Biogen Idec Inc. managed to beat analysts' earnings forecasts for the first quarter, but officials warned that the quarter's 40-cent earnings per share probably is the "high-water mark for the year," because of efforts to accelerate development of the potential blockbuster drug for multiple sclerosis.
"Clearly, the Antegren update will cause some changes," said Peter Kellogg, chief financial officer for the Cambridge, Mass.-based company, noting that the sped-up timeline for the MS compound will cost the firm $50 million to $60 million more than expected - including as much as $14 million in milestone payments due Dublin, Ireland-based Elan Corp. plc., the partner for Antegren.
Biogen Idec's stock (NASDAQ:BIIB) closed Friday at $59, up $1.99.
First-quarter earnings per share of 40 cents were due to net income of $143 million, both on an adjusted non-GAAP basis, which excludes non-operating charges, as well as those related to the merger completed last year of Biogen Inc. with IDEC Pharmaceutical Corp., of San Diego. Analysts had forecast 34 cents per share.
In accordance with GAAP, the merged firm reported a loss of $41 million, or 12 cents per share, mainly due to $275 million of non-cash accounting impacts related to the buyout.
Revenues jumped 24 percent to $542 million, as compared to adjusted pro-forma revenues of $437 million in the first quarter of 2003. Sales of Avonex (interferon beta-1a) for relapsed multiple sclerosis rose 29 percent to $355 million, compared to the same period last year. In the U.S., sales were $240 million.
Amevive (alefacept) for moderate to severe psoriasis, approved in late January 2003, sold $13 million in the first quarter of this year. The radioimmunotherapy Zevalin (ibritumomab tiuxetan) dipped somewhat, selling $4.8 million, compared to $5.7 million for the same period last year.
The company's joint deal with South San Francisco-based Genentech Inc. for Rituxan (rituximab) for B-cell non-Hodgkin's lymphoma yielded $134 million in revenues, compared to $111 million for the period last year.
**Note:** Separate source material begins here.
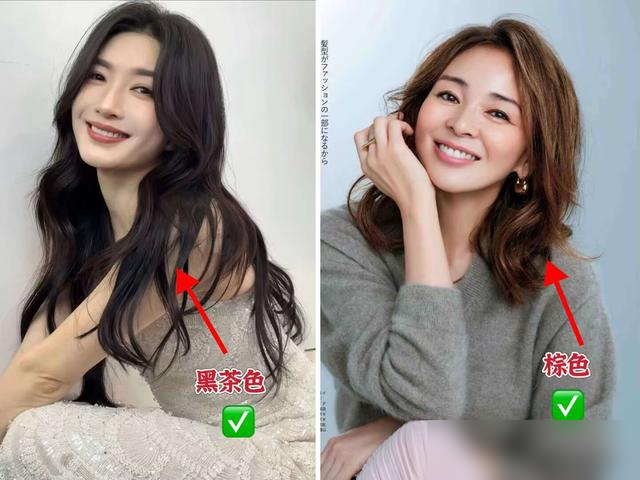 发色选自然的黑茶色、暖棕,比夸张的潮色更衬肤色,还能和日常穿搭无缝衔接。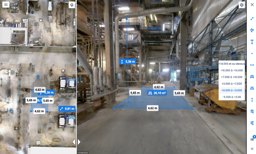 En parallèle, une visite virtuelle du site a été déployée. Basée sur les images panoramiques et le nuage de points 3D captés par le scanner NavVis VLX, elle offre aux utilisateurs une fonctionnalité de prise de mesures directement dans un environnement visuel précis.

U.S. sales of Rituxan, Genentech said, totaled $363 million, compared to $310 million in the quarter last year.
Guidance from the company called for 15 percent revenue growth and 20 percent earnings-per-share growth through 2007. In the meantime, research and development spending likely will peak in the second quarter, which will be the "softest" of the year in terms of earnings per share, Kellogg said.
Biogen Idec is gearing up for submission in the second quarter of the U.S. filing for Antegren (natalizumab), in a move Kellogg characterized during a conference call as "shifting gears to ensure that we capitalize on this very unique opportunity."
William Rohn, chief operating officer for Biogen Idec, noted it has been "several years since the last meaningful therapy in MS was introduced and untreated patients are ready for a new product."
Could the new drug cannibalize Avonex?
"The answer is not a simple yes or no," Rohn said, predicting physicians will use a decision-tree algorithm, based on how the patient presents. Doctors will be "eager to prescribe" Antegren for patients who have failed other therapies, he said. For patients with breakthrough disease, the decision will involve whether to switch to Antegren or add it to the current therapy, he said.
Rohn said the potential MS market is expected to grow to about $6 billion "over the next few years."
Antegren also is being developed for Crohn's disease and joins two other compounds in Phase III studies: Rituxan, for rheumatoid arthritis, and BG-12, being studied in Europe for psoriasis.
Last week, Biogen Idec and Fumapharm AG, of Lucerne, Switzerland, reported favorable results at the spring symposium of the European Academy of Dermatology and Venerology in Budapest, Hungary, from a Phase II study of BG-12, an oral fumarate.